> For clean Markdown of any page, append .md to the page URL.
> For a complete documentation index, see https://docs.nvidia.com/nemo/automodel/llms.txt.
> For AI client integration (Claude Code, Cursor, etc.), connect to the MCP server at https://docs.nvidia.com/nemo/automodel/_mcp/server.

# nemo_automodel.components.speculative.precompute_eagle3

Precompute the EAGLE-3 offline target-output cache (SpecForge "offline" path).

The frozen target model's per-token supervision is the same on every epoch and
every run, yet the online recipe recomputes it each step. This script runs the
target once over a dataset and writes the supervision to disk; training then
reads it back via `cached_target_path` instead of loading or running the
target at all.

\==============================  READ THIS  =================================
This is the SpecForge **offline** training path. It is **extremely disk
intensive** -- `aux_hidden_states` alone is `3 * target_hidden_size` wide,
so an 8B target at seq-len 2048 costs \~80 MB *per sample* (tens of TB for a
large corpus). Modern practice trains **online**, where the target forward is
cheap next to that I/O, so this path is largely **deprecated**. It is provided
for completeness / reproducing the SpecForge offline recipe and for the niche
case of repeatedly re-training a draft on a fixed, bounded dataset. Prefer the
online recipe (no `cached_target_path`) unless you specifically need this.
==========================================================================

Only EAGLE-3 is supported. EAGLE-1/2 supervise on the *full*-vocab target
distribution (no draft-vocab compression), which is \~0.5 GB per sample -- not
worth caching -- so they keep the online path only.

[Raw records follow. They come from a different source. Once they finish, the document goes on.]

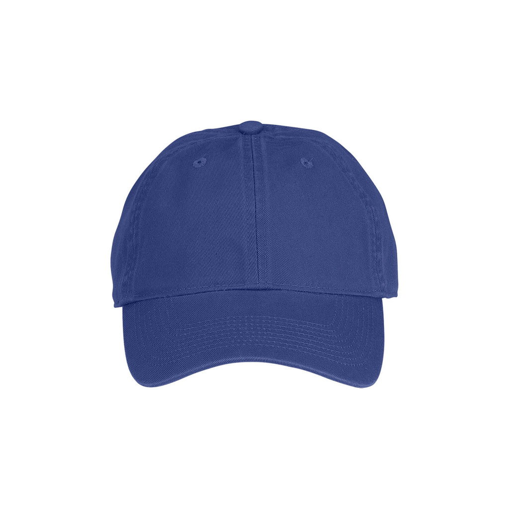 You will love the unsurpassed relaxed fit provided by the embroidered Vantage Men's Royal Clutch Bio-Washed Unconstructed Twill Cap. Cotton twill not only ensures supreme comfort, the material also resists rips and tears to give you a go to cap for corporate softball games. After every game, mingle with your professional peers by displaying the corporate logo you added on the large imprint area. The washed twill cap presents an old school appearance worthy of a Hall of Famer. One size for the cap fits most heads, which makes the cap the ultimate company gift for your team of high achievers.Highlights
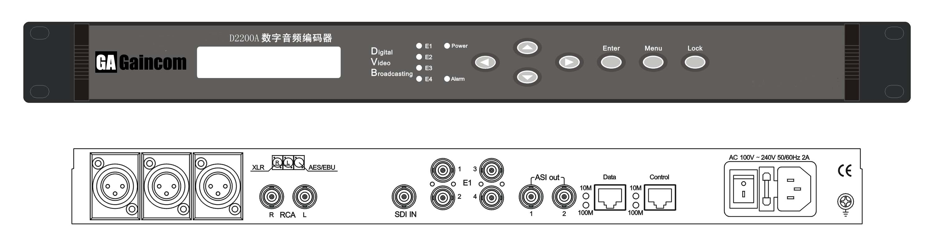 D2200A系列产品是GA通信公司(美国Gaincom Cmmunications Inc.)开发生产的MPEG-2数字音频编码器, 编码器(带IP输出)是一款拥有强大的音频编码功能的设备. 该设备支持模拟和数字音频信号,音频输入接口包含平衡模拟输入接口(XLR)和非平衡模拟输入接口(BNC),数字音频(AES/EBU)输入接口和嵌入式数字音频(SDI)输入接口。该编码器对音频信号进行实时编码并产生DVB传输流,传输流可由ASI、IP和E1接口输出。完全符合MPEG-2标准,因其极强的兼容性和优异的编码质量,D2200A数字音频编码器被广泛应用于数字广播系统中。
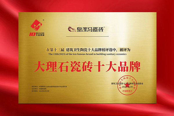 皇家马瓷砖通过了中国强制性3C产品认证、ISO9001质量管理体系认证、并入选中国建筑卫生陶瓷十大品牌榜、大理石瓷砖十大品牌,享誉全国。
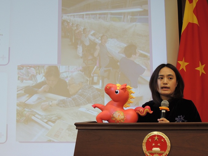 总领馆还邀请苏绣大师讲解苏绣和指导与会人员练习苏绣,激发起美国学生、老师、校长学习苏绣的热情。
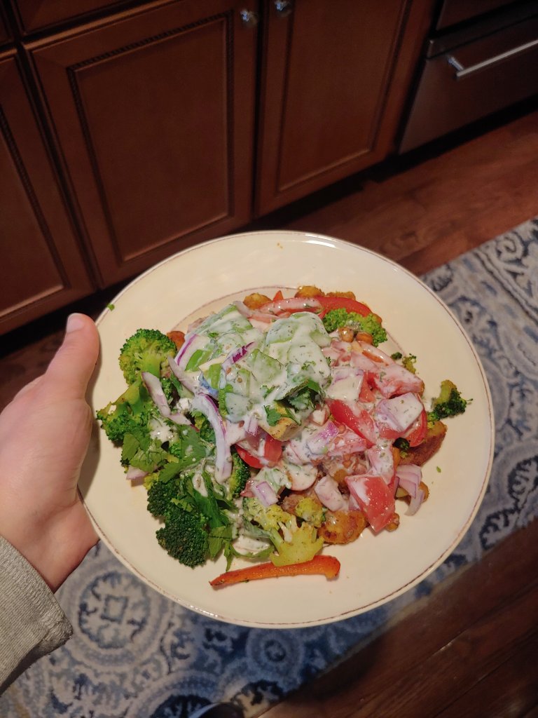 In the picture below I topped the potatoes with grilled veggies, guacamole, and a herb cream I made from some homemade yogurt. But really they don’t need any toppings to be delicious, so do as you please!

Typical usage (single device; large MoE targets that need sharding must use the
online path instead):

python -m nemo\_automodel.components.speculative.precompute\_eagle3 \
\--target-model meta-llama/Llama-3.1-8B-Instruct \
\--input-data Aeala/ShareGPT\_Vicuna\_unfiltered \
\--output-dir /data/eagle3\_cache/sharegpt\_llama31 \
\--seq-length 2048 --draft-vocab-size 8192 \
\--batch-size 4 --shard-size 256 --dtype bf16

Then point the recipe at it: `recipe_args.cached_target_path: /data/eagle3_cache/...`.

## Module Contents

### Functions

| Name                                                                                                              | Description                                                                                |
| ----------------------------------------------------------------------------------------------------------------- | ------------------------------------------------------------------------------------------ |
| [`_build_parser`](#nemo_automodel-components-speculative-precompute_eagle3-_build_parser)                         | -                                                                                          |
| [`_compute_batch_cache`](#nemo_automodel-components-speculative-precompute_eagle3-_compute_batch_cache)           | Turn one target-model batch into the per-sample tensors the trainer caches.                |
| [`_ensure_resume_compatible`](#nemo_automodel-components-speculative-precompute_eagle3-_ensure_resume_compatible) | Refuse to `--resume` into a cache produced with a different configuration.                 |
| [`_run`](#nemo_automodel-components-speculative-precompute_eagle3-_run)                                           | Load the target, scan the dataset once, and write the sharded cache. Returns an exit code. |
| [`_validate_args`](#nemo_automodel-components-speculative-precompute_eagle3-_validate_args)                       | Reject invalid CLI values before loading any model.                                        |
| [`main`](#nemo_automodel-components-speculative-precompute_eagle3-main)                                           | CLI entry point. Parses `argv` and returns the process exit code.                          |

### Data

[`logger`](#nemo_automodel-components-speculative-precompute_eagle3-logger)

### API

```python
nemo_automodel.components.speculative.precompute_eagle3._build_parser() -> argparse.ArgumentParser
```

```python
nemo_automodel.components.speculative.precompute_eagle3._compute_batch_cache(
    target_batch,
    selected_token_ids: torch.Tensor,
    selected_token_mask: torch.Tensor,
    cache_dtype: torch.dtype
) -> dict[str, torch.Tensor]
```

Turn one target-model batch into the per-sample tensors the trainer caches.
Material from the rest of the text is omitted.